Bei 29 Patienten hatten die Forscher damals das EEG aufgezeichnet, während sie den Patienten den Song „Another brick in the wall“ vorspielten. Auf den Hirnhäuten hatten sie damals nicht weniger als 2.668 Elek­troden platziert. Die Daten sind in den vergangenen Jahren mehrfach genutzt worden, um die Auswirkungen der verschiedenen Aspekte der Musik auf die Hirnfunktion zu untersuchen.

Keinem Team war es jedoch gelungen, den Song aus den EEG-Daten zu rekonstruieren. Dies gelang jetzt einem Team um Robert Knight von der Universität Berkeley in Kalifornien mit der aktuellen Computerleistung und den Algorithmen einer künstlichen Intelligenz (KI).

Wie üblich bei der Methode wurde die KI zunächst mit den Daten der EEG-Signale gefüttert, die sie mit den entsprechenden Stellen in dem Song verglich. Eine 15 Sekunden lange Sequenz des Liedes wurde ausge­nommen.

Diese Sequenz sollte die KI später anhand des erlernten Algorithmus erzeugen. Das Ergebnis, das die Forscher vorstellen, ist alles andere als perfekt, das Lied ist jedoch in seiner Grundstruktur erkennbar. In einem Spek­tro­gramm – einer Visualisierung der Audiowellen – betrug die Übereinstimmung mit dem echten Songclip 43 %.

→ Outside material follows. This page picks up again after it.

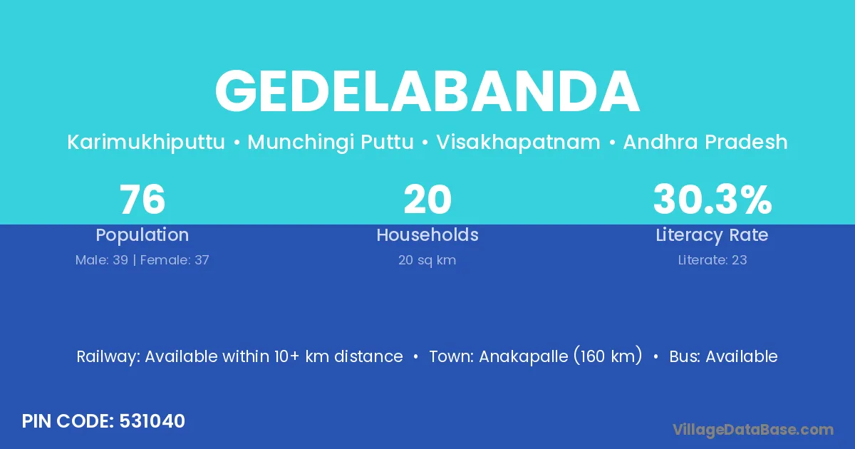 The literacy rate of Gedelabanda village is 30.26%. Male literacy stands at 38.46% and female literacy at 21.62%.

Für die Rekonstruktion nutzte die KI nur die EEG-Signale von 347 Elektroden. Diese Elektroden befanden sich hauptsächlich über drei Regionen des Gehirns: dem Gyrus temporalis superior, dem sensomotorischen Cortex und dem Gyrus frontalis inferior. Wichtig für die Auswertung waren vor allem die Ableitungen auf der rechten Gehirnhälfte. Dies ist interessant, da Sprache, die ja ein wichtiger Bestandteil der Musik ist, vor allem auf der linken Hemisphäre verarbeitet wird.

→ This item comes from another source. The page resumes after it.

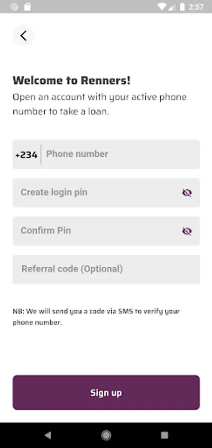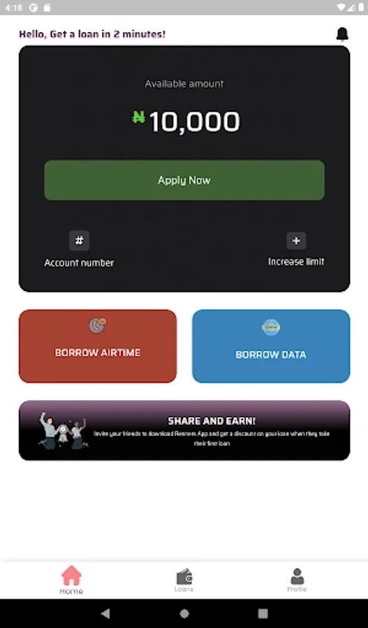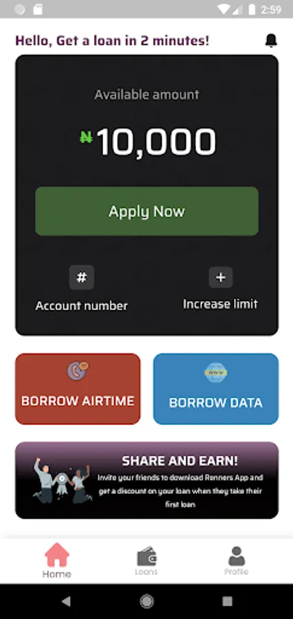 Renners offers loans in 3 minutes or less. With no paper verification, you may improve your credit score and extend your credit limit by making timely payments. All you need is your basic information, BVN, and a smartphone.

Das längerfristige Ziel der Forscher ist ein Brain-Computer-Interface, das es Patienten mit Hirnerkrankungen, etwa einer amyotrophen Lateralsklerose oder einer Aphasie, ermöglichen würde, mit ihrer Umgebung über eine computergenerierte Sprache zu kommunizieren, die die musikalischen Elemente wie Rhythmus, Betonung, Akzent und Intonation berücksichtigt. Bis dahin dürfte es allerdings noch ein weiter Weg sein.